● Information supplied:
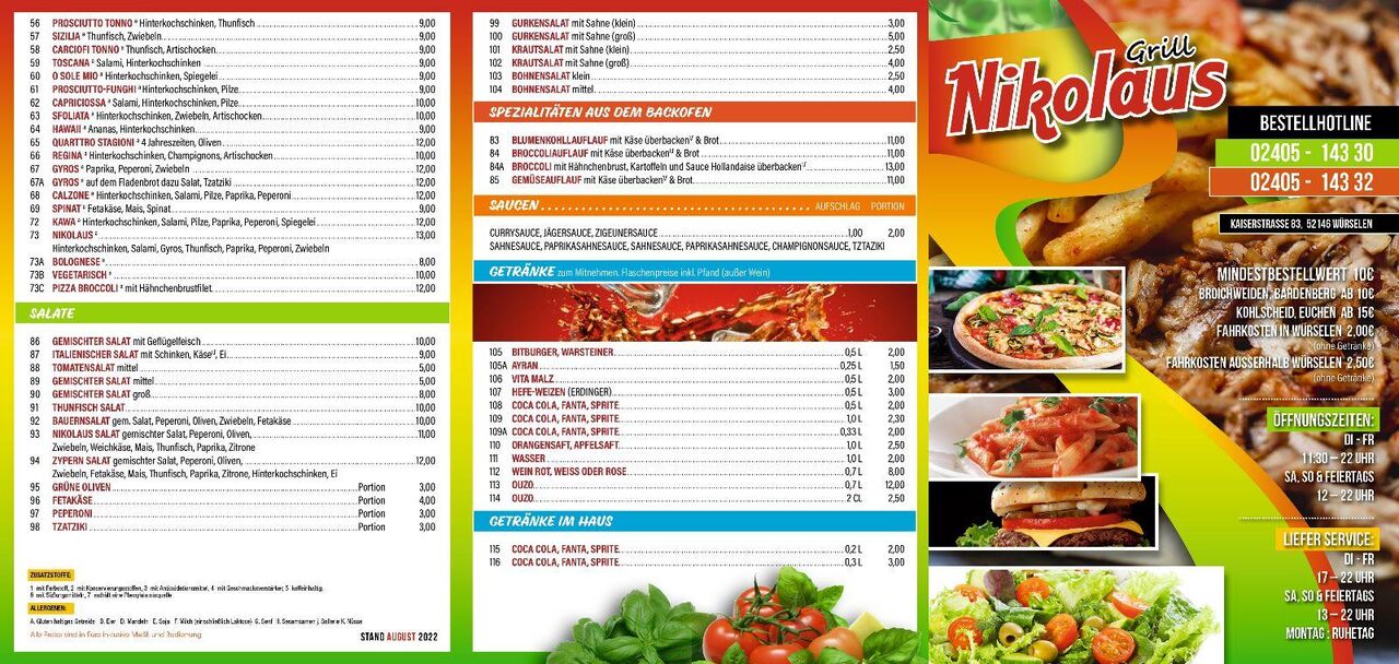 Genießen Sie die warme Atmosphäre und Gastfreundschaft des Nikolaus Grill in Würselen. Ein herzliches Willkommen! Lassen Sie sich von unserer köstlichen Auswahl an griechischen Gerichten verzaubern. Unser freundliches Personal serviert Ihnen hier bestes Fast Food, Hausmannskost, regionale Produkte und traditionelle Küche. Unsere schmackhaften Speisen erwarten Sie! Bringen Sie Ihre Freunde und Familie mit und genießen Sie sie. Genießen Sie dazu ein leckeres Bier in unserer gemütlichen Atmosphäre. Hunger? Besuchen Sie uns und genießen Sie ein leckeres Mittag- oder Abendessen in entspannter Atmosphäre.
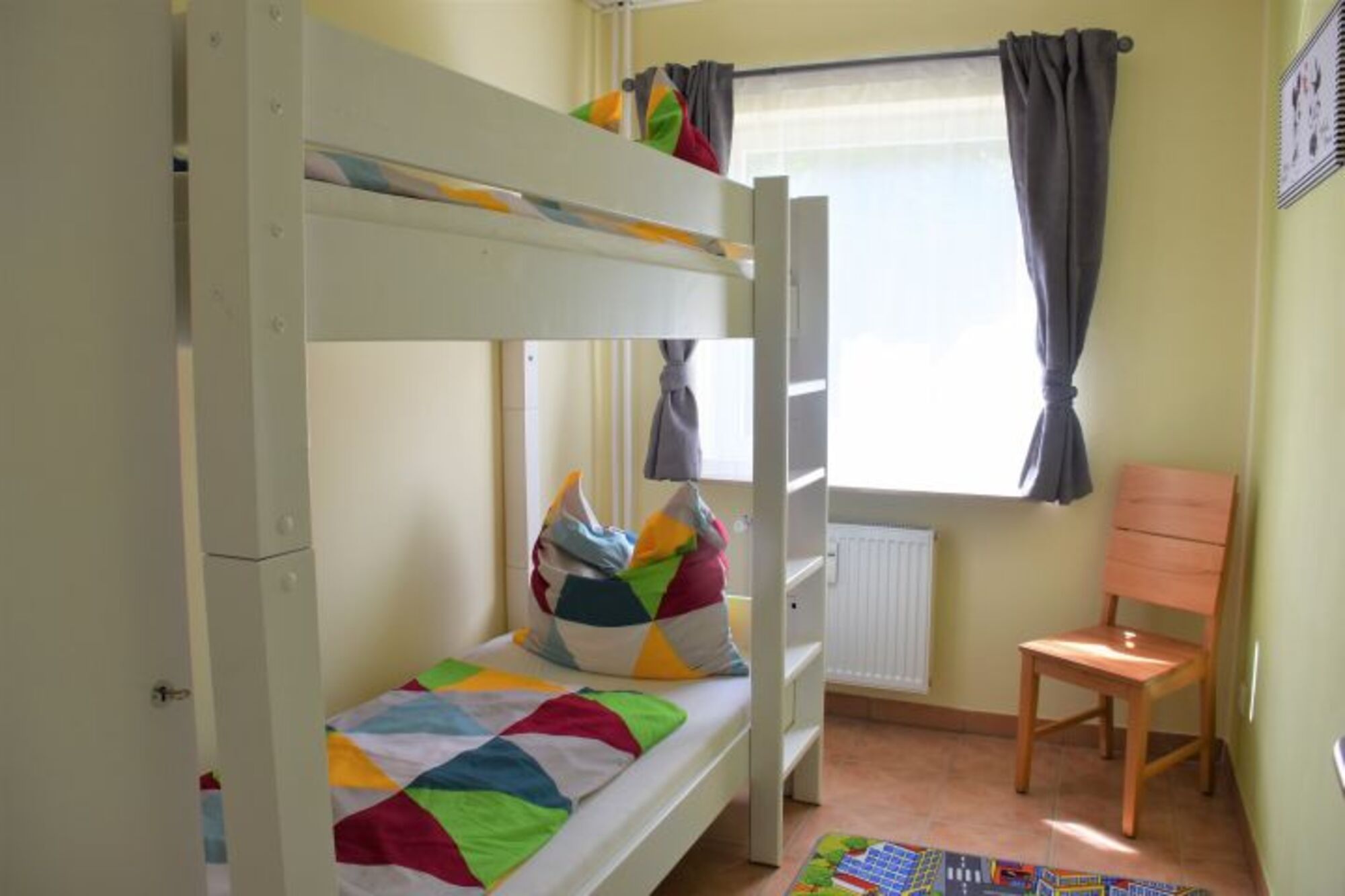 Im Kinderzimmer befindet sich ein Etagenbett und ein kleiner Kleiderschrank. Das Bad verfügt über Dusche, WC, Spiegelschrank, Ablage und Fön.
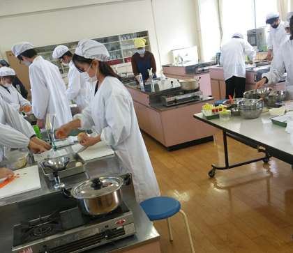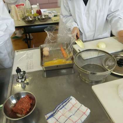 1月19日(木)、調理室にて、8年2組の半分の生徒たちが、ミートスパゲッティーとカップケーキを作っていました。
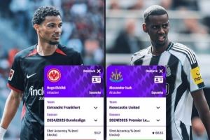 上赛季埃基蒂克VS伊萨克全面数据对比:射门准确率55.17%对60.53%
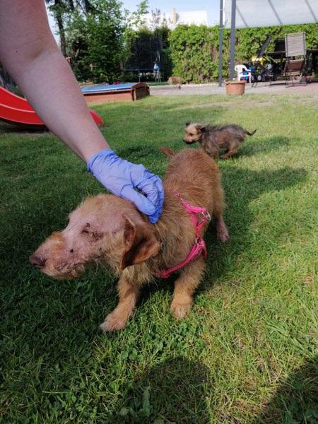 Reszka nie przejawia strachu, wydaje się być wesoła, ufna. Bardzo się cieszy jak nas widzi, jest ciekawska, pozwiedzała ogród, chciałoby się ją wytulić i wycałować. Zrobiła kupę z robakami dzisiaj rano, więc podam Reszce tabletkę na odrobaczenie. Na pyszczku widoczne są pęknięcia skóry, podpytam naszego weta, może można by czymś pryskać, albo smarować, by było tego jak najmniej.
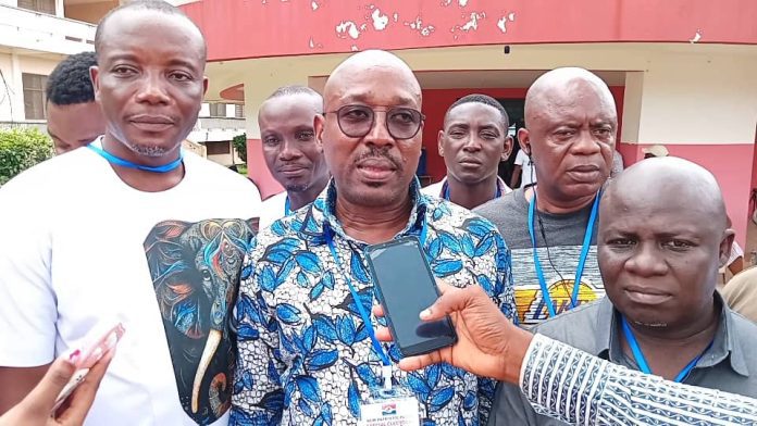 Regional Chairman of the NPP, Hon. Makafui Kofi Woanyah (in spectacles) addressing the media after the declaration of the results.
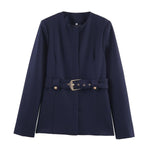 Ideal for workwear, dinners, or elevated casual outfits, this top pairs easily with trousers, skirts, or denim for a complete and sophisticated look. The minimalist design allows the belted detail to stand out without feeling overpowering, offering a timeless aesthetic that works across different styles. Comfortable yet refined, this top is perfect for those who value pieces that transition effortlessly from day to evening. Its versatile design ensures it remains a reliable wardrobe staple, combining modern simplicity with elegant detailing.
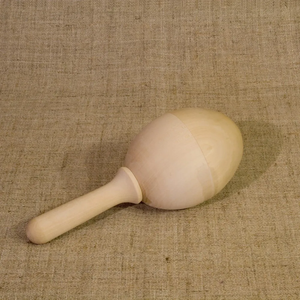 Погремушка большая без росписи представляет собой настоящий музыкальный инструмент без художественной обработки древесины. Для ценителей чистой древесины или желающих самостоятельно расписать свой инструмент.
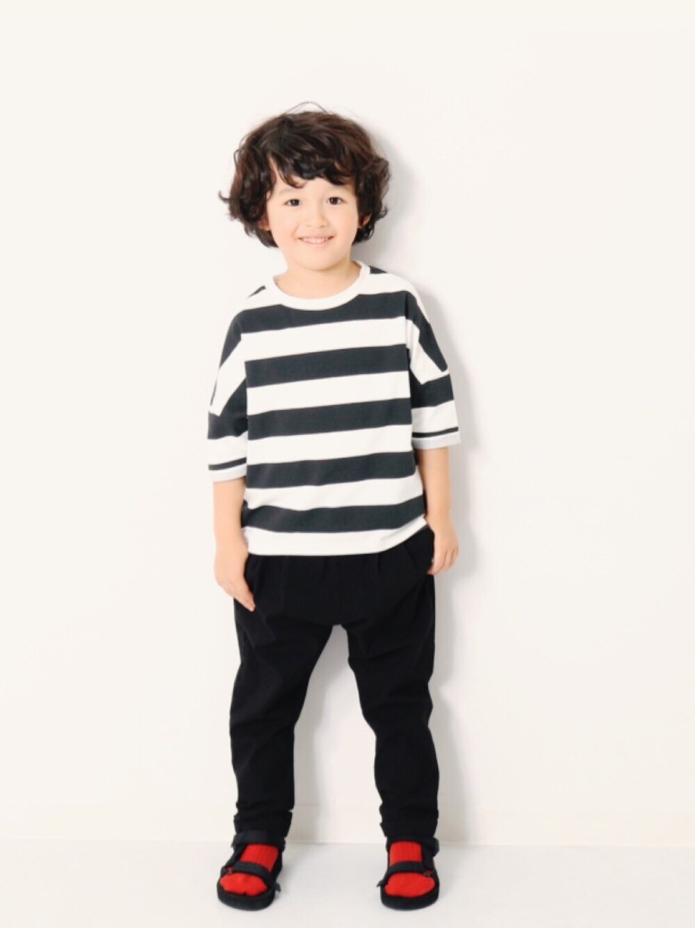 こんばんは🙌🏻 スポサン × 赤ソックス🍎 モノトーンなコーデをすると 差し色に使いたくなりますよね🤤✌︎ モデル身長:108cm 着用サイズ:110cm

---

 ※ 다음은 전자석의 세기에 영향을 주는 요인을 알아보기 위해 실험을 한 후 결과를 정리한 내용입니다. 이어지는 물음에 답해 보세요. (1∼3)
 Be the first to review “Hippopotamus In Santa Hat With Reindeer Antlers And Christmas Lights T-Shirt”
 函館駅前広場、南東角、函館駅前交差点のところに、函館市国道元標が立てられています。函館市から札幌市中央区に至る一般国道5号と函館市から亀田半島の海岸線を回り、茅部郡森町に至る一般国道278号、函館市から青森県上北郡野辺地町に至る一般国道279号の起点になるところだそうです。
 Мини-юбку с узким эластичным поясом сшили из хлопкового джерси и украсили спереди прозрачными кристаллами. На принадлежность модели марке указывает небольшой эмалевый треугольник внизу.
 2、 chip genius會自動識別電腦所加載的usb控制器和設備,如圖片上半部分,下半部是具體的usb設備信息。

* * *

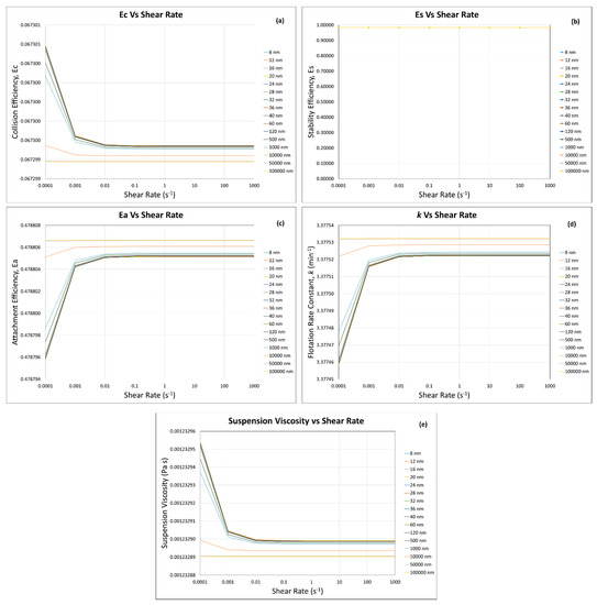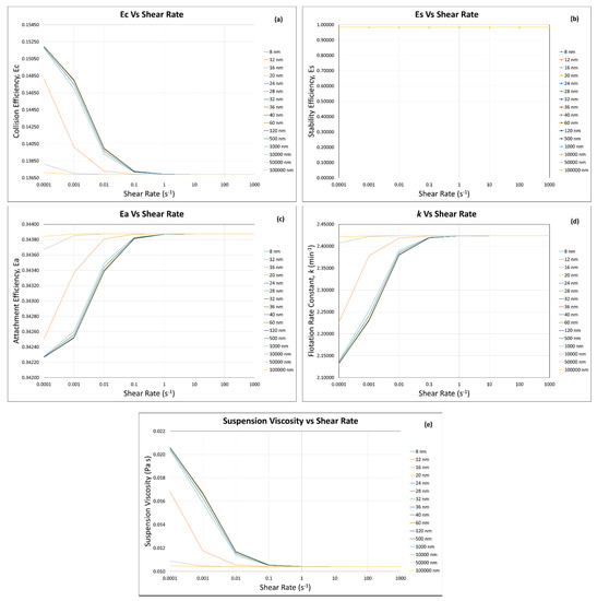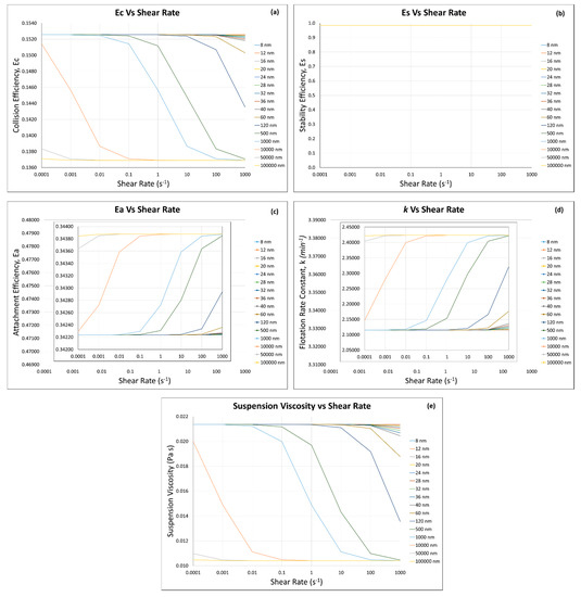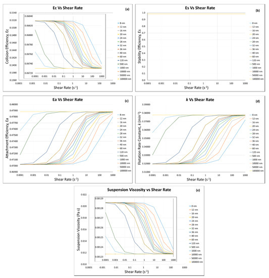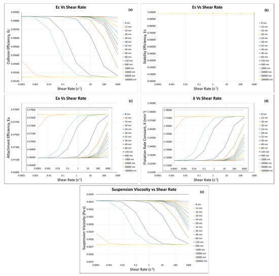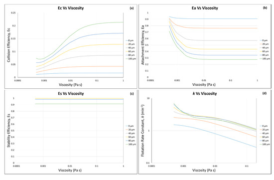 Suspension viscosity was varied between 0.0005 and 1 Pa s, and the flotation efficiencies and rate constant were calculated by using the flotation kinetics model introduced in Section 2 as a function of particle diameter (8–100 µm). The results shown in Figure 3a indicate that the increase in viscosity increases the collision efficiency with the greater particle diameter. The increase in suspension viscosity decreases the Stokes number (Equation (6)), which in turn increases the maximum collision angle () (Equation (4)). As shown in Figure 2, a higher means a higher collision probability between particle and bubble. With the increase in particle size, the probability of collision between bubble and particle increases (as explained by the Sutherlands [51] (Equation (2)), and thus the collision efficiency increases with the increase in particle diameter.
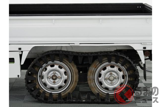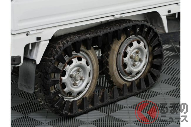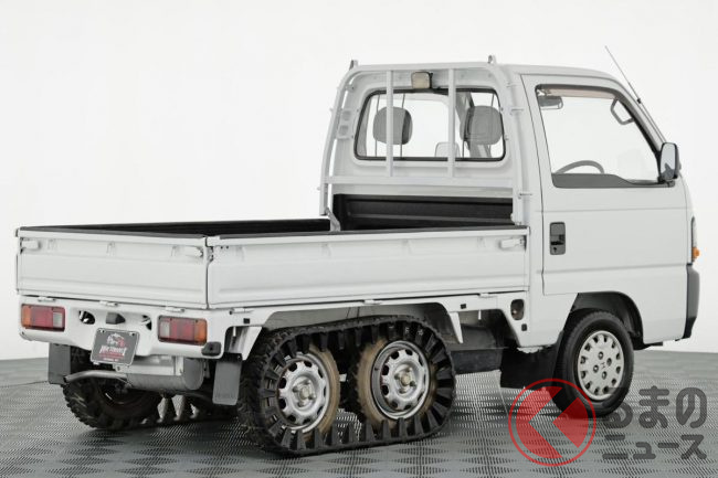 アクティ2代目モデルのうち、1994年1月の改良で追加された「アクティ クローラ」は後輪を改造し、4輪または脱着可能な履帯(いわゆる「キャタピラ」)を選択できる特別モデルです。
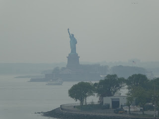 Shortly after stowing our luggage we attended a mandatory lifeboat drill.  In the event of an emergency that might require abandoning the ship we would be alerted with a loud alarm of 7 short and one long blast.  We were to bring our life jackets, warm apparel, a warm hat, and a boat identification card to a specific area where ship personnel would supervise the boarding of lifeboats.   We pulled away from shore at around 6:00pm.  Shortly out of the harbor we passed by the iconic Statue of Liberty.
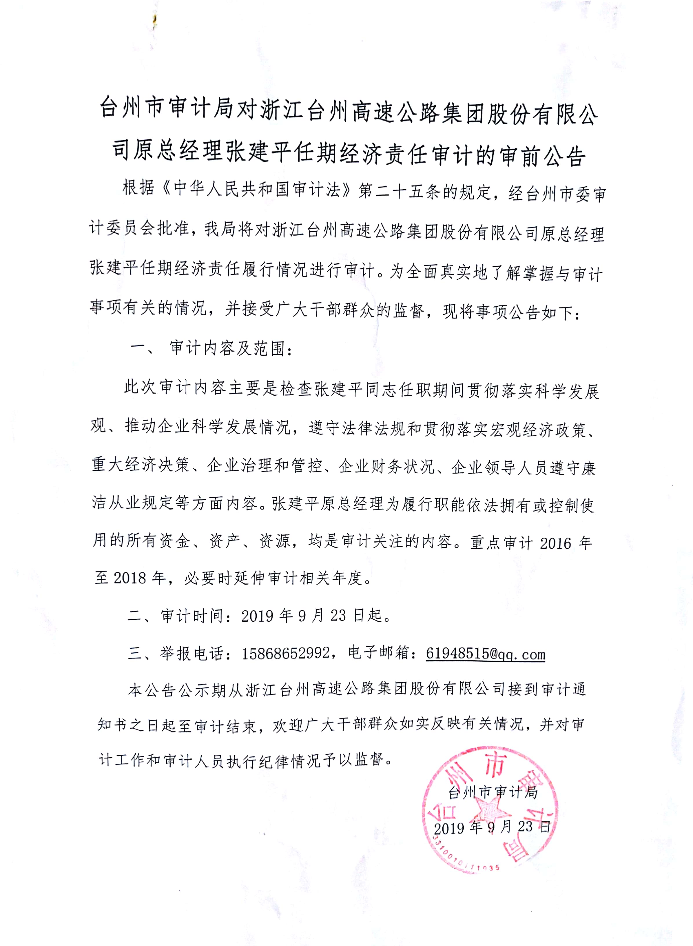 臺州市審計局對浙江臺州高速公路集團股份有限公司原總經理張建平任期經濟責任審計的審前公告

● Task objective:
Give exactly the lines above that run from the line with "Genießen Sie die" to the line with "Reszka nie przejawia", both included, leaving every picture out.

● Response box:
 Genießen Sie die warme Atmosphäre und Gastfreundschaft des Nikolaus Grill in Würselen. Ein herzliches Willkommen! Lassen Sie sich von unserer köstlichen Auswahl an griechischen Gerichten verzaubern. Unser freundliches Personal serviert Ihnen hier bestes Fast Food, Hausmannskost, regionale Produkte und traditionelle Küche. Unsere schmackhaften Speisen erwarten Sie! Bringen Sie Ihre Freunde und Familie mit und genießen Sie sie. Genießen Sie dazu ein leckeres Bier in unserer gemütlichen Atmosphäre. Hunger? Besuchen Sie uns und genießen Sie ein leckeres Mittag- oder Abendessen in entspannter Atmosphäre.
 Im Kinderzimmer befindet sich ein Etagenbett und ein kleiner Kleiderschrank. Das Bad verfügt über Dusche, WC, Spiegelschrank, Ablage und Fön.
 1月19日(木)、調理室にて、8年2組の半分の生徒たちが、ミートスパゲッティーとカップケーキを作っていました。
 上赛季埃基蒂克VS伊萨克全面数据对比:射门准确率55.17%对60.53%
 Reszka nie przejawia strachu, wydaje się być wesoła, ufna. Bardzo się cieszy jak nas widzi, jest ciekawska, pozwiedzała ogród, chciałoby się ją wytulić i wycałować. Zrobiła kupę z robakami dzisiaj rano, więc podam Reszce tabletkę na odrobaczenie. Na pyszczku widoczne są pęknięcia skóry, podpytam naszego weta, może można by czymś pryskać, albo smarować, by było tego jak najmniej.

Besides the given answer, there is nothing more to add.